Наконец мужики вытащили откуда-то из-за кустов деревянную пирамиду с широкой, грубо вырубленной из жести звездою. Пока они ее устанавливали, Филот подошел к Николаю, начал виниться:

– Звездочка малость не того…

– Да ладно, – успокоил его Николай, – пока пусть будет такая.

– Вот и я говорю, потом закажешь на заводе из нержавейки.

Подровняв и прихлопав лопатами землю, мужики отошли в сторону, давая дорогу женщинам и ученикам с венками. Принявшаяся командовать Тонька проворно расставляла их вокруг пирамиды, время от времени покрикивая на учеников и нерасторопных старух. Среди прочих венков Николай заметил небольшую корзинку с живыми цветами, на которой было написано: «Дорогой Гале от Ивана». Кто и когда принес эту корзинку, теперь понять было трудно, но Тонька поставила ее на самом видном месте, чтобы все видели, что корзинка эта особая и попала сюда по особому, многим непонятному случаю.

Оркестр в последний раз сыграл над могилою траурную музыку и, опустив трубы, пошел с кладбища, словно давая тем самым понять, что все – похороны закончены.

Соня и Ксения, которая уже пришла в себя, начали приглашать всех на поминки. Толпа медленно, кто березняком, а кто по размятой похоронным шествием улице, потянулась к дому. Пора было уходить и Николаю. Он поправил на венках два-три оторвавшихся цветочка и заторопился с кладбища, понимая, что без него поминки не начнут.

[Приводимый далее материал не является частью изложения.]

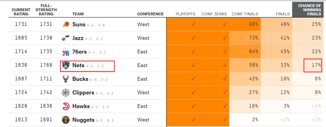 赛后,数据网站FiveThirtyEight第一时间更新了晋级概率和夺冠概率。篮网本轮的晋级概率从G4赛前的70%跌至58%,而夺冠概率从21%跌至17%。单论夺冠概率,他们原先和费城并列第三,如今已经跌至第四。前三位依次是太阳(25%)、爵士(23%)和费城(22%)。

Но возле самых ворот Николая неожиданно остановил председатель, который в сопровождении шофера с венком в руках пробирался между сосен к материной могиле. Увидев Николая, он начал извиняться:

– Опоздал немного.

– Дела, наверное, – посочувствовал ему Николай.

– Да вот замотался вконец.

Они подошли к могиле. Председатель приладил возле пирамиды венок, поругал Филота за неровно сделанную звездочку, поинтересовался оркестром:

– Как отыграли?

– Хорошо, спасибо, – поблагодарил его Николай.

Председатель глянул на часы и поторопил шофера, который рассматривал надписи на венках:

– Пора нам.

– А может, на поминки зайдете? – пригласил председателя Николай.

– Извините, не могу. В три должен быть в районе на совещании.

– Ну ладно, – не стал упрашивать его Николай.

Втроем они вышли с кладбища и расстались. Председатель и шофер сели в машину, а Николай тихо пошел домой, чувствуя, как из каждого двора на него с любопытством глядят занятые домашними делами люди…

Аисты все еще кружили в небе, спокойно, умиротворенно. Казалось, оттуда, с высоты, им лучше видны и понятны вся бренность и все величие человеческой жизни…

* * *

Когда он вошел во двор, народ уже рассаживался за столы. Мужчины, которые копали могилу и несли гроб, облюбовали себе место в первом ряду возле стены, потом несколько столов занимали древние старики и старухи, на вид совсем изношенные и немощные, но на самом деле еще крепкие, боевые, умеющие и поработать и выпить по рюмке на таком вот случайном застолье. В третьем ряду сидели материны подруги, учителя, женщины, певшие молитвы, и Тонька.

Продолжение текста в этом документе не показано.